National anti-slavery associations which co-operate at European level have identified the criteria required in order to be able to describe a situation as slavery. In particular, it is noted that the employer systematically confiscates identity papers. The girl has nowhere to turn and is afraid of deportation if she contacts the police. She cannot claim her rights if she is unaware of them.

In addition, the working conditions violate human dignity: 15-21 hours of work per day, 7 days a week, without leave and without remuneration, or with a derisory salary. Accommodation conditions are often deplorable and these girls most often sleep directly on the floor.

These persons are sequestrated, either physically, by forbidding them to leave the house and locking them inside, or by training them psychologically about the "dangers" in the outside world, mainly with regard to their illegal status.

Most employers ensure that all the victim's family ties are broken, or apply pressure on the family left behind.

Cultural isolation has also been identified as a criterion, in that that majority of girls who arrive in western European countries do not usually know the language and are disoriented. It is all the more difficult for them to seek help in these circumstances.

The girls, who are usually recruited while they are underage, enter employment with serving diplomats in European countries. These persons enjoy diplomatic immunity and it is difficult to charge them. Some employers are also important figures in their country of origin, or know important figures, which means that they enjoy relatively secure protection that the exploited girl, her family, or even certain authorities are unable to challenge.

Situations also arise where the girls are exploited by their own compatriots who have emigrated to a European country. These people are not necessarily better off, but they take advantage of someone who is weaker than themselves.

This new form of violence, which has just come to light, could be eliminated first by introducing a code of good conduct for diplomats, then by making it possible to request the lifting of diplomatic immunity for those who engage in this kind of exploitation while above the law.

D. Trafficking in women and prostitution

In its recommendation 1325 (1997), the Council of Europe defined trafficking in women and forced prostitution as any legal or illegal transporting of women and/or trade in them, with or without their initial consent, for economic gain, with the purpose of subsequent forced prostitution, forced marriage, or other forms of forced sexual exploitation. The use of force may be physical, sexual and/or psychological, and includes intimidation, rape, abuse of authority or a situation of dependence.
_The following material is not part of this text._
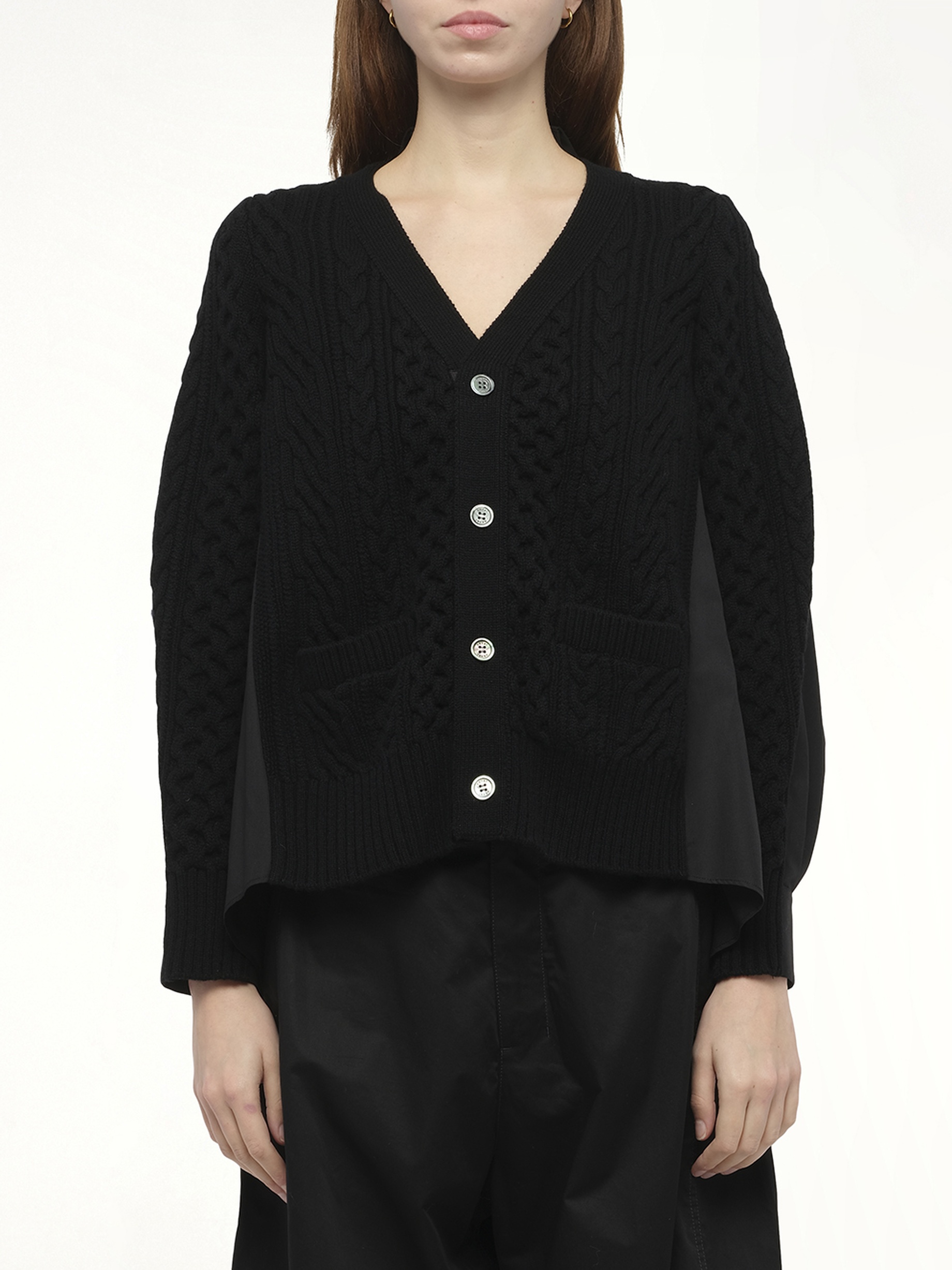 SACAI's Wool Knit x Cotton Poplin Cardigan in Black/Black is a sophisticated blend of textures, offering a unique and stylish addition to any wardrobe. This versatile piece effortlessly combines comfort and elegance, making it a must-have for any fashion-forward individual. - Composition: Wool 100%, Attached Parts:Polyester 65%, Cotton 35% - Contrasting wool knit and cotton poplin design - Classic black color for versatile styling - Relaxed fit for comfortable wear - Button-front closure for easy layering - Distinctive design details for a modern look Model is 178 cm and wears size 1 SKU: SCW254 002

Over the last decade, Europe has opened its borders and created new opportunities for the circulation of individuals. New migratory flows have developed, particularly from the countries of eastern Europe towards the west. Poor economic and social situations encourage migration. There is a strong temptation to leave and earn money more easily elsewhere, and many young women fall into the trap of exploitative networks. One of the most common features of these networks is trafficking for the purpose of sexual exploitation.
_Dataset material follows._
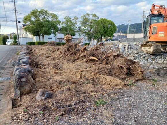 敷地が広いおかげで、重機(ユンボなど)の操作スペースをたっぷり確保できました。

There are three main characteristics to trafficking in women for the purpose of forced prostitution: the creation of networks, the movement of the women from one place to another, and the almost constant violence.

The creation of networks is facilitated by the diaspora of certain communities in western Europe. In particular, the Albanians and the Russians have set up enough networks of contacts across several countries to be able to organise large-scale trafficking. Through these networks, the girls are moved from one town to another and from one country to another.

The trend in this area identified since the beginning of the 1990s by the International Office for Migration shows that the vast majority of trafficking in Europe concerns girls from central and eastern European countries being sent to the countries of the European Union, where the opening up of borders facilitates the movements of traffickers.

Date provided by Interpol shows that most of the women affected by such activities come from Europe: central Europe (39%), eastern Europe (22%) and the Balkans (17%). Other young women come from Africa or South America, but to a lesser degree. With regard to their destinations, it has been detected that the trafficking in women from the Czech and Slovak republics, Poland, Hungary and Romania is channelled mainly towards the pavements of Germany, Belgium, France, Italy and Finland. Young Bulgarian, Albanian and Serb women are to be found in Belgium, the Netherlands and Italy. Young girls from Russia, Ukraine and Moldova are in Germany, France, Belgium and Finland. 80% of the prostitutes in Amsterdam are foreigners and 70% have no papers.

This trafficking in human beings is often accompanied by other forms of trafficking: false papers or methods of transport, such as stolen cars. In fact, the trafficking in girls frequently begins in the poorest countries, since the women there are more vulnerable and there is no need for major "investment". On the other hand, the profits are considerable and act as a trampoline to other forms of trafficking. For example, the new profits enable investment in drug trafficking.

Recruitment takes place by various methods. The majority of young immigrant women are deceived by false promises of marriage, employment, etc. A Europol investigation states that only a third of the women know what lies ahead in the destination country. As soon as they leave their country of origin, their papers are removed and they are looked after by the network until their final destination. They are then bound to their pimp through a long-term debt contract, which is meant to reimburse transport, visa, accommodation and other costs. There is no way out for these girls, who are under constant surveillance. Some are kidnapped, whilst others know perfectly well what they are letting themselves in for.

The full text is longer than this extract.